**Input data:**
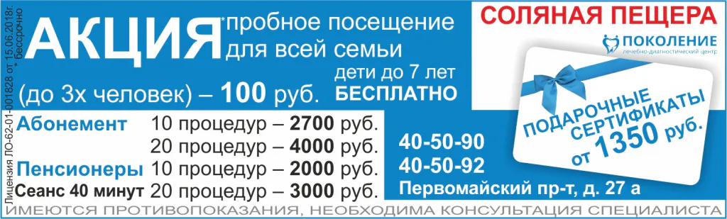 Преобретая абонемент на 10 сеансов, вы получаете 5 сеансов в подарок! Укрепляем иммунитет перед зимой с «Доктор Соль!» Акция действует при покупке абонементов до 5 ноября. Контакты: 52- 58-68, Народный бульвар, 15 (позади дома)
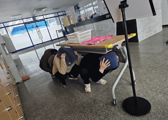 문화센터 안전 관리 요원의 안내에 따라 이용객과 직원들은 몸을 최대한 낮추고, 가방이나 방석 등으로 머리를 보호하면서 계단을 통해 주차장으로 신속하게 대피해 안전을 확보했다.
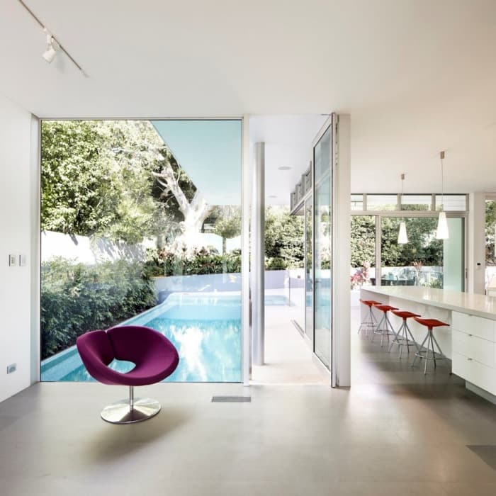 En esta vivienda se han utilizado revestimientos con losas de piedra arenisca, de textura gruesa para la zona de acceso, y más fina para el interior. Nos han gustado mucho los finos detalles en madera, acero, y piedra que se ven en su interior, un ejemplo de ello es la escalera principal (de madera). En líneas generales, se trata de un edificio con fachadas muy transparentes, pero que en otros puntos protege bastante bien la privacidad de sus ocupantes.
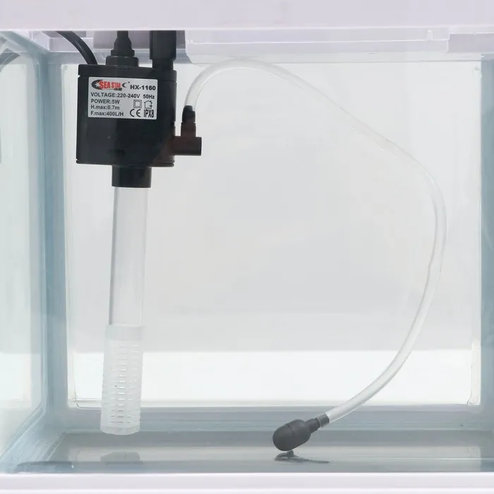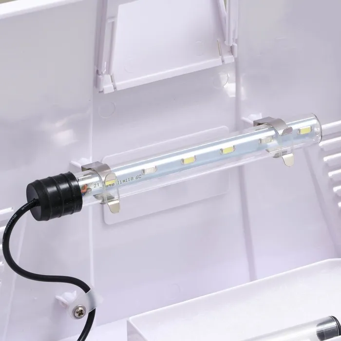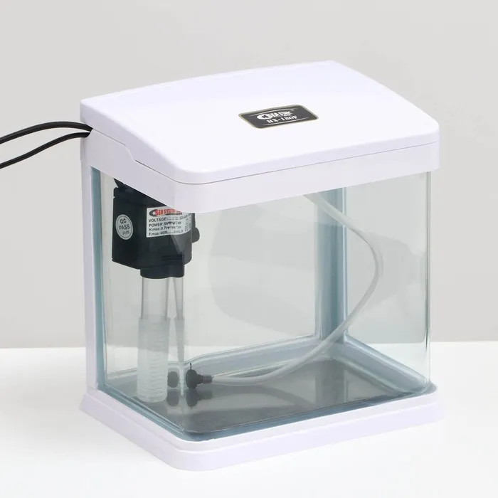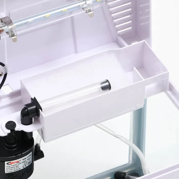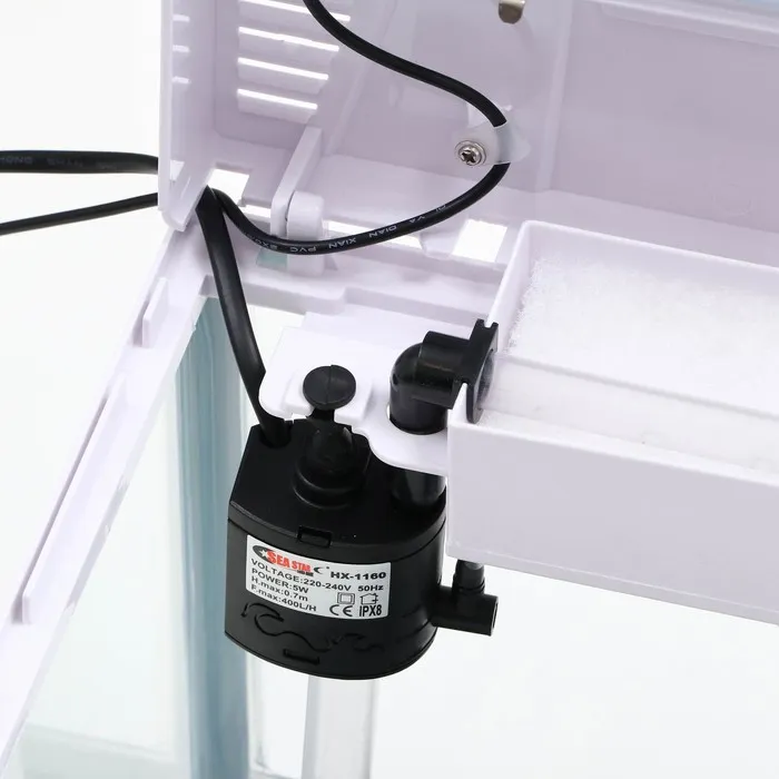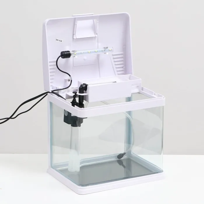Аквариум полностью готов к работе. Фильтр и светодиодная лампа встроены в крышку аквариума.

**Your goal:** Go back to the line that contains "문화센터 안전 관리 요원의" and copy it, along with each line after it through the end of the listing above, exactly and without pictures.

**Exercise output:**
 문화센터 안전 관리 요원의 안내에 따라 이용객과 직원들은 몸을 최대한 낮추고, 가방이나 방석 등으로 머리를 보호하면서 계단을 통해 주차장으로 신속하게 대피해 안전을 확보했다.
 En esta vivienda se han utilizado revestimientos con losas de piedra arenisca, de textura gruesa para la zona de acceso, y más fina para el interior. Nos han gustado mucho los finos detalles en madera, acero, y piedra que se ven en su interior, un ejemplo de ello es la escalera principal (de madera). En líneas generales, se trata de un edificio con fachadas muy transparentes, pero que en otros puntos protege bastante bien la privacidad de sus ocupantes.
Аквариум полностью готов к работе. Фильтр и светодиодная лампа встроены в крышку аквариума.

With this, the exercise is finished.